Посвящается Карлу, маленькому воину.
Когда холодный ветер пред зарей
Росистый жемчуг в иней обратит
И глупых грез девичьих тяжкий рой
В окошко спальни жаркой улетит,
Раздевшись донага, несутся прочь
Две всадницы лихие, две сестры.
Храпят их кони, разрывая ночь,
Огромны и, как призраки, быстры.
Ласкает гриву твердая рука,
Надежнее узды спрямляя бег,
И вихрь молочно-белого песка
Над сонной бухтою кружит, как снег.
Галопом — в воду. Жгучий поцелуй
Морозных уст пронзает, точно смерть,
И пар дыханья дрожью сладких струй
Вплетается в рассвета круговерть.
Тиха бескрайность серой пелены,
Застывшей в ожидании луча.
Пылает день в крови, сжигая сны,
Как под рукой сокрытая свеча.
ПРОЛОГ
Мозг больше не пылал пульсирующим огненным цветком. Стало легче. Он с трудом открыл глаза. В темном небе сверкали звезды. Тяжелая полная луна запуталась в ветвях раскидистого дерева.
Он смутно осознал, что лежит на воде. В бассейне. Время от времени он шевелил руками и ногами, чтобы удержаться на плаву, но делал это инстинктивно, почти не отдавая себе отчета.
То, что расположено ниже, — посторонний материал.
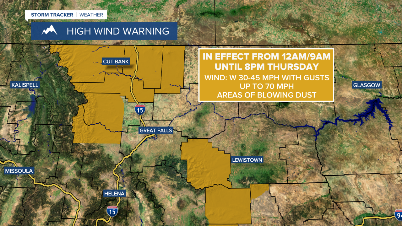 A High Wind Warning is in effect for Glacier County, Judith Basin County, northwestern Lewis and Clark County, Liberty County, Pondera County, western Teton County, and Toole County from 12am or 9am Thursday until 8pm Thursday. Sustained wind speeds are going to be between 30 and 45 mph, and wind gusts up to 70 mph are going to be possible at times.

Пела скрипка, ее мелодия легко струилась в ночном воздухе. Звук доносился из дома, который черной тенью высился с правой стороны. Окна смотрели мрачными глазницами, сквозь мелкие грани витражных стекол не пробивалось ни лучика света. Крутые стены угрожающе накренились, островерхая крыша издевательски съехала вбок.
Мысли путались, череп плавился от боли, взорвавшейся в голове злобной сверхновой звездой, но, глядя на здание, он по-прежнему помнил, что скрыто за толстыми кирпичными стенами.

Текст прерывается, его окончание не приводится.